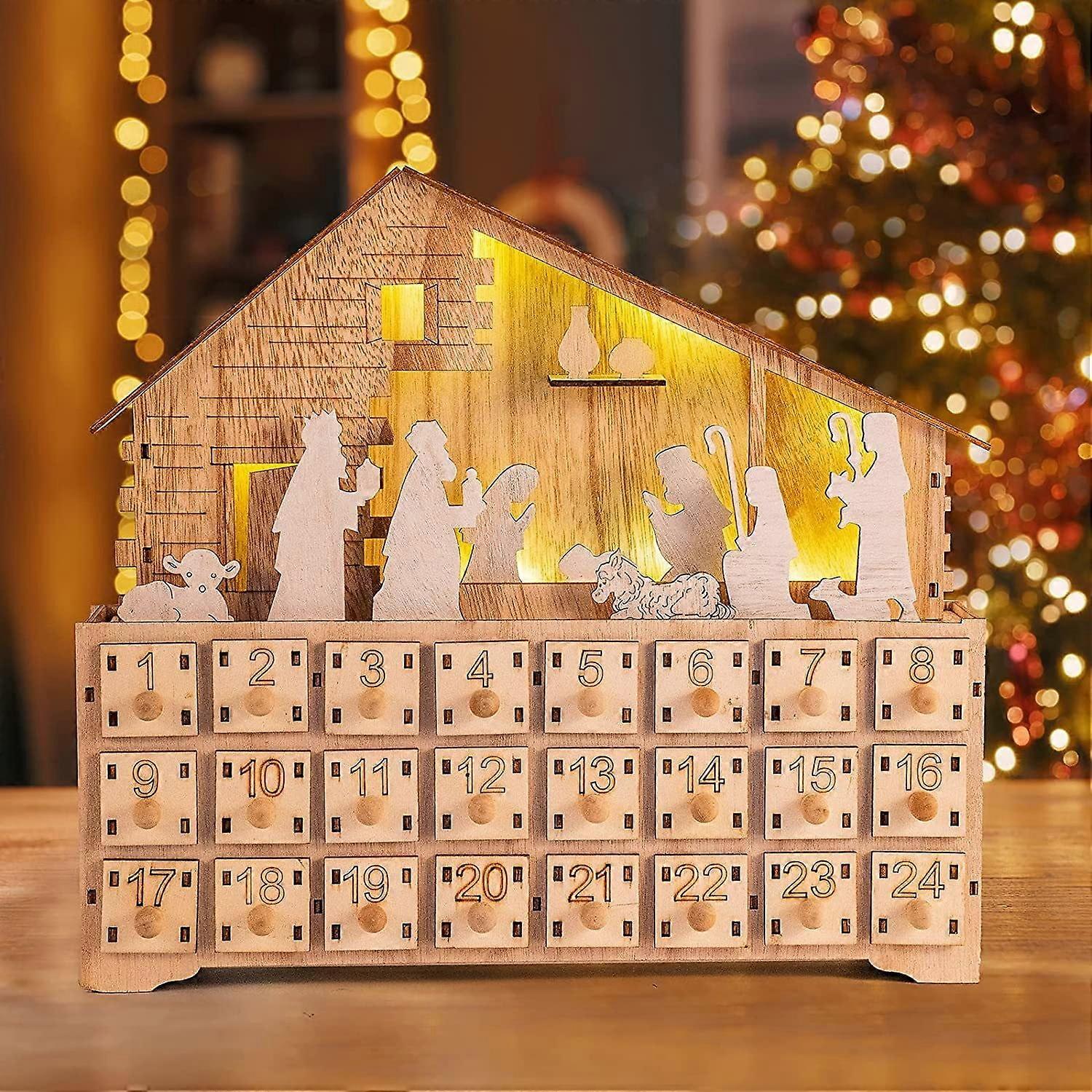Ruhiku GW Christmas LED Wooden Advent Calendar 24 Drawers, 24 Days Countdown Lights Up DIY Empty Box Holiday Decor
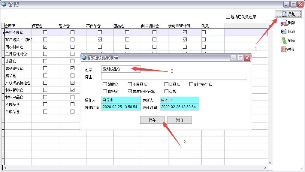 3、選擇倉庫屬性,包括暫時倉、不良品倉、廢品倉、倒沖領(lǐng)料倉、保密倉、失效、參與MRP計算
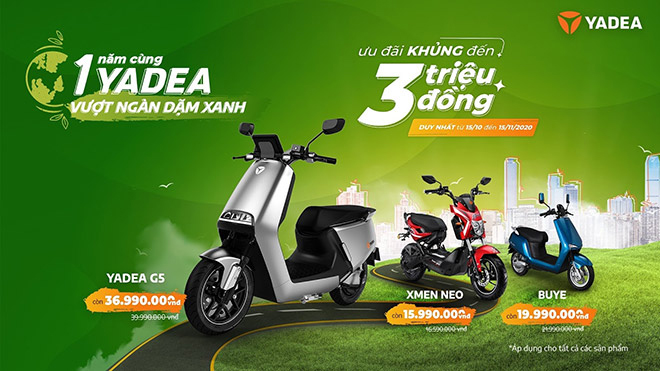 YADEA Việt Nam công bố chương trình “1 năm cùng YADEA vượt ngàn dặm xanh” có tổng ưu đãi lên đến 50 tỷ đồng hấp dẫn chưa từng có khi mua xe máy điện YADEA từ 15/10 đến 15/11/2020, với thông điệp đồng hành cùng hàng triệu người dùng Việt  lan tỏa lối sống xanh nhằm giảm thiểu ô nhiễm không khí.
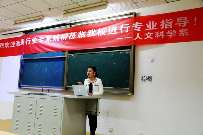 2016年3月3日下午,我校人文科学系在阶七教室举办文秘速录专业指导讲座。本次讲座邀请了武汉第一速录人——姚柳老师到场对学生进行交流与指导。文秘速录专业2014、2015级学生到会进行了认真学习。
○ ○ ○ ○ ○ ○ ○
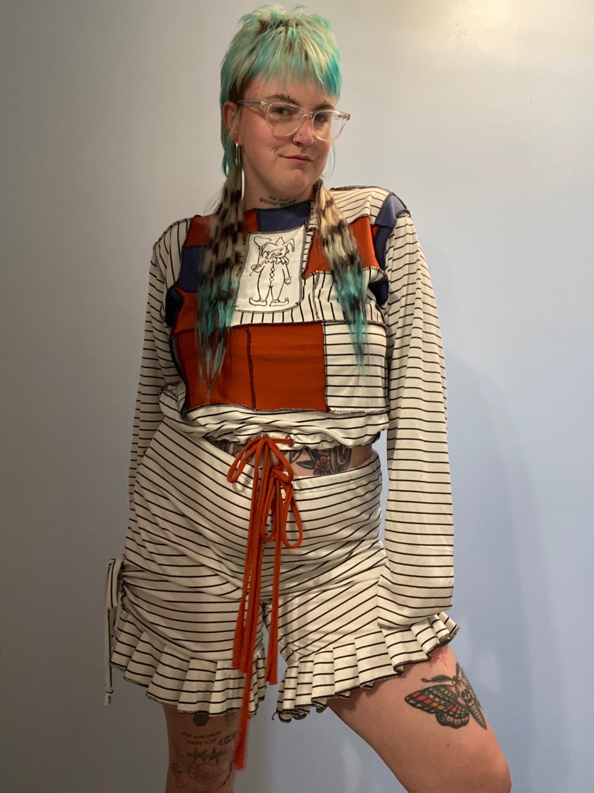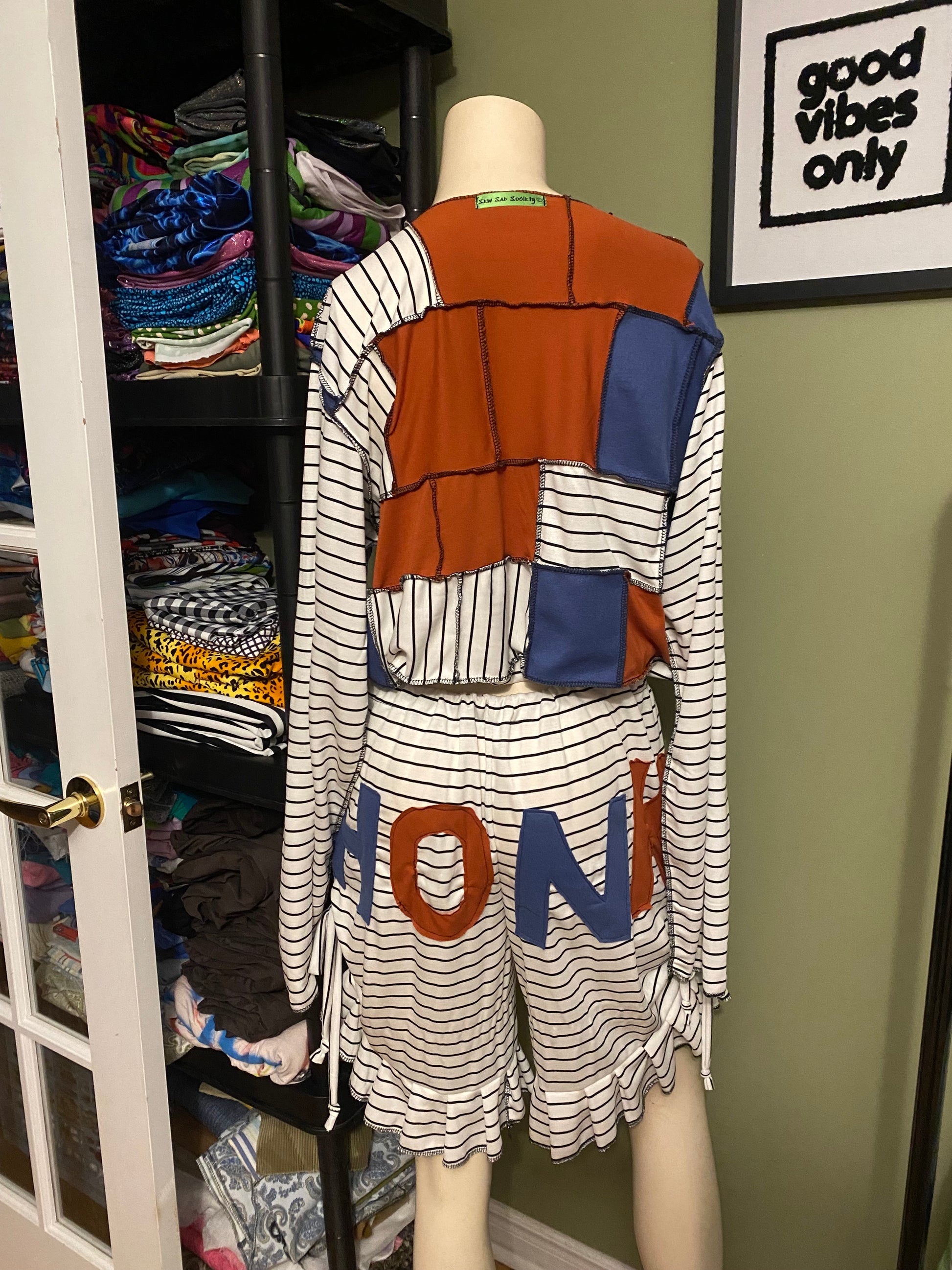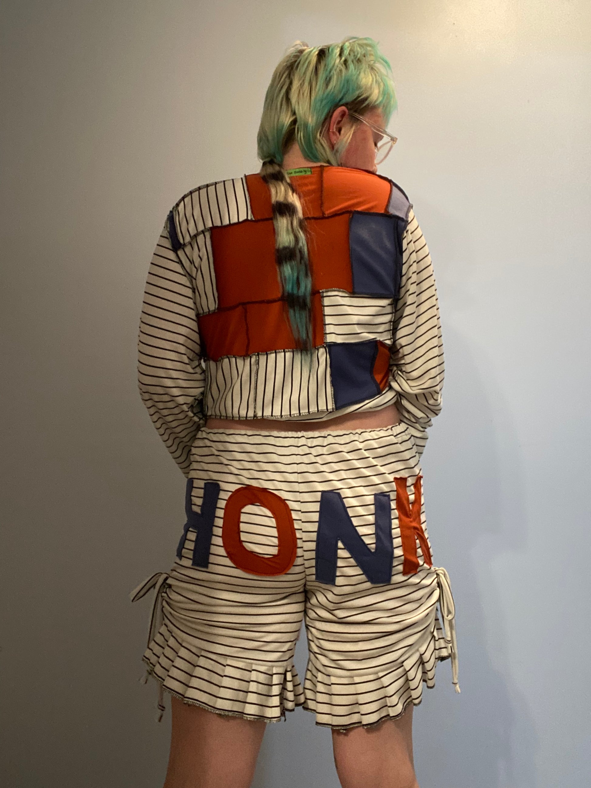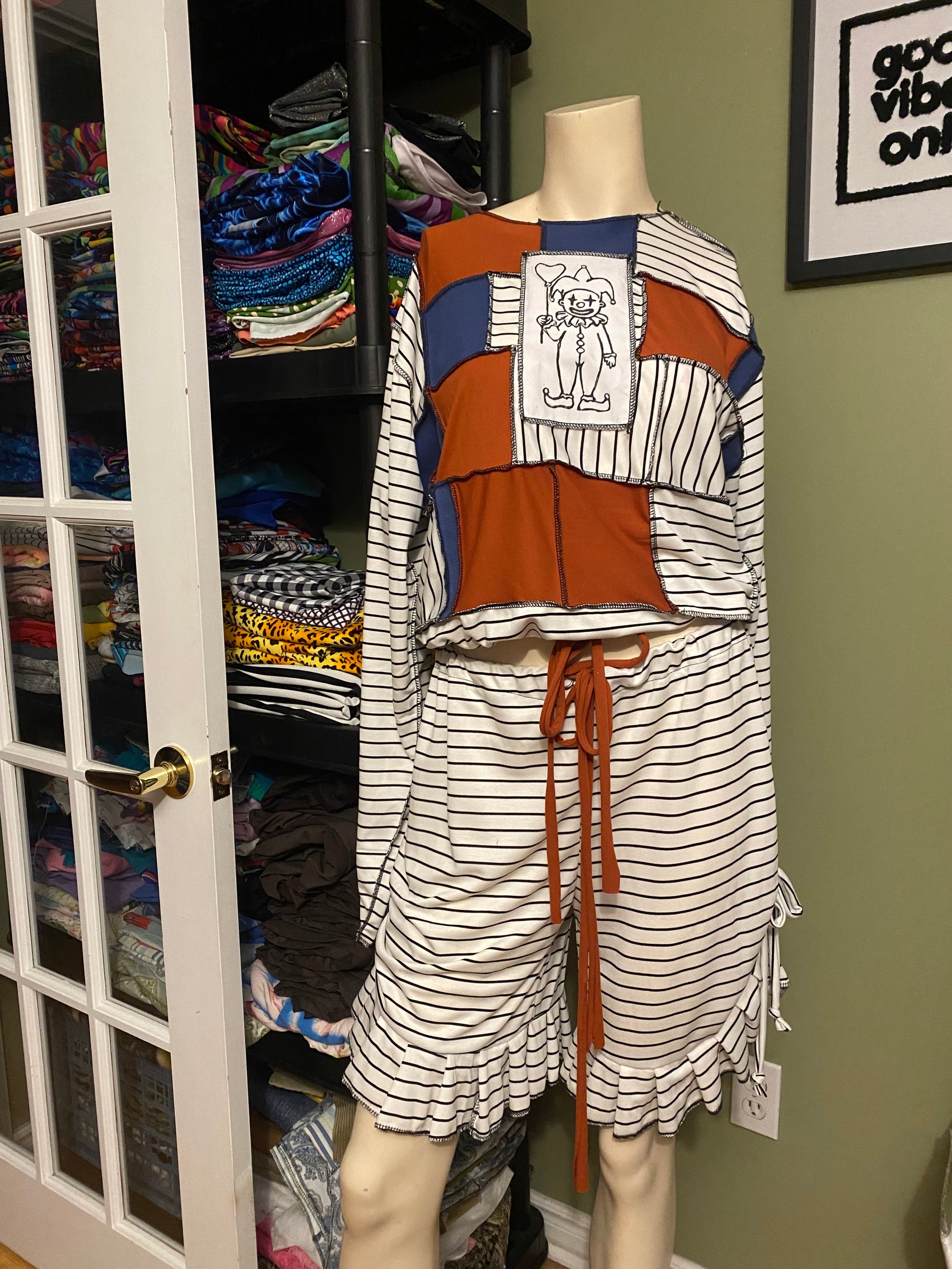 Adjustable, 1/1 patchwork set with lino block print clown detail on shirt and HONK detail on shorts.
○ ○ ○ ○ ○ ○ ○
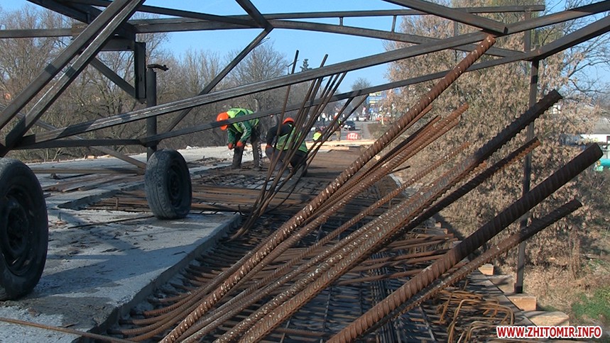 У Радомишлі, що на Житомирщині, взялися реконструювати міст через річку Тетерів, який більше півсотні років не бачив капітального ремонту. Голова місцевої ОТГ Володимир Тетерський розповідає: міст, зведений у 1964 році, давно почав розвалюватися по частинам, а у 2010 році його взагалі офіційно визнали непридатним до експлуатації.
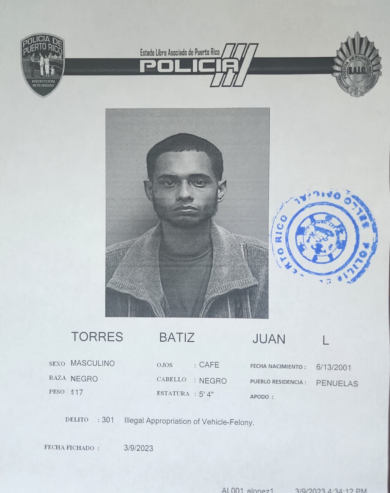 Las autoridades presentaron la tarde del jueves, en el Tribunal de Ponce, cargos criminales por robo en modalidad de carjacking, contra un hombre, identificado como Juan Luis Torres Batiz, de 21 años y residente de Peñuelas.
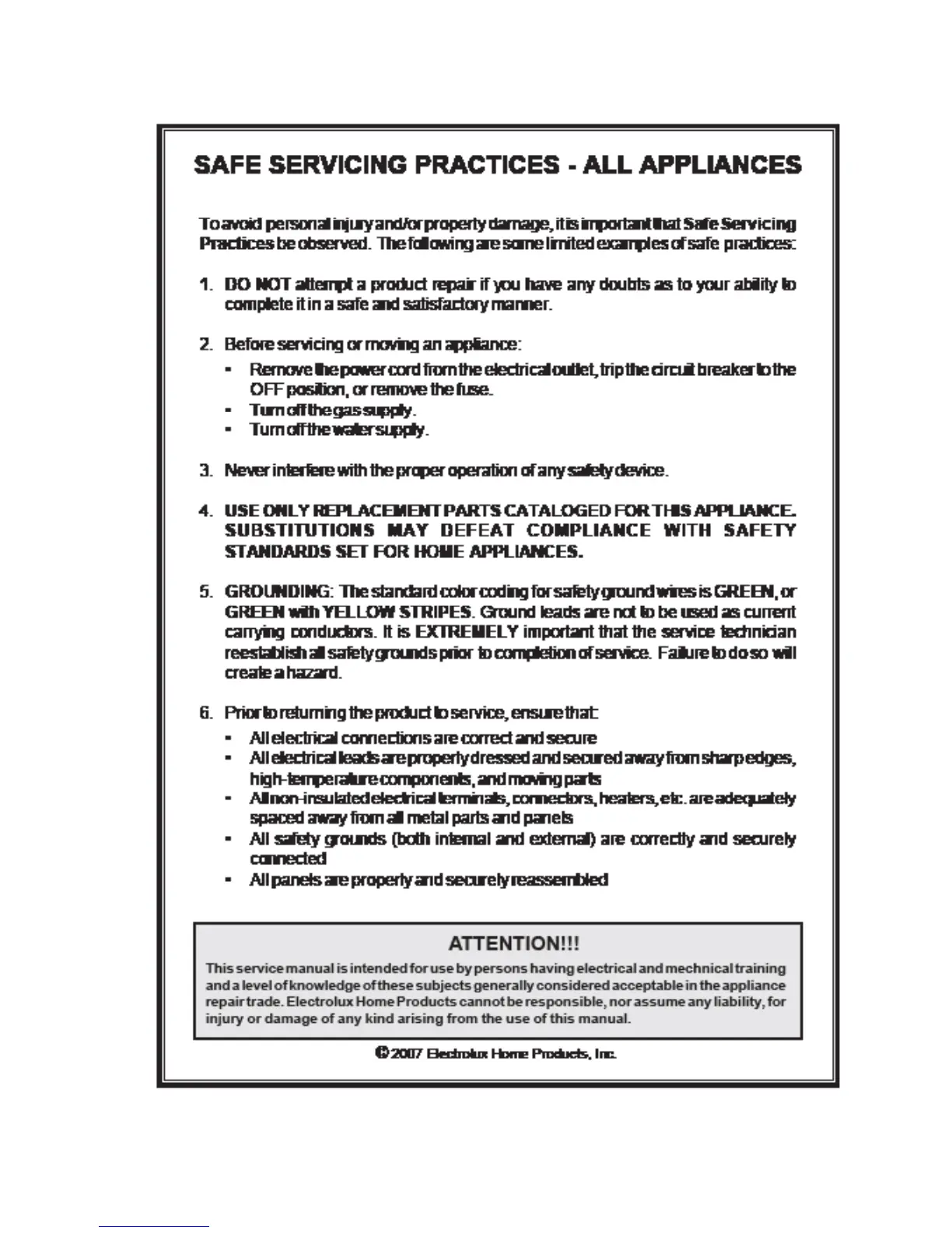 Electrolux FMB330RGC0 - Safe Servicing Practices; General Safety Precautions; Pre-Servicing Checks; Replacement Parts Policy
○ ○ ○ ○ ○ ○ ○
EXERCISE REQUIREMENTS:
Although pictures appear among the entries, please set down only the lines from the one with "Ruhiku GW Christmas" up to and including the one with "2016年3月3日下午,我校", word for word.

OUTPUT FOR THIS TASK:
Ruhiku GW Christmas LED Wooden Advent Calendar 24 Drawers, 24 Days Countdown Lights Up DIY Empty Box Holiday Decor
 3、選擇倉庫屬性,包括暫時倉、不良品倉、廢品倉、倒沖領(lǐng)料倉、保密倉、失效、參與MRP計算
 YADEA Việt Nam công bố chương trình “1 năm cùng YADEA vượt ngàn dặm xanh” có tổng ưu đãi lên đến 50 tỷ đồng hấp dẫn chưa từng có khi mua xe máy điện YADEA từ 15/10 đến 15/11/2020, với thông điệp đồng hành cùng hàng triệu người dùng Việt  lan tỏa lối sống xanh nhằm giảm thiểu ô nhiễm không khí.
 2016年3月3日下午,我校人文科学系在阶七教室举办文秘速录专业指导讲座。本次讲座邀请了武汉第一速录人——姚柳老师到场对学生进行交流与指导。文秘速录专业2014、2015级学生到会进行了认真学习。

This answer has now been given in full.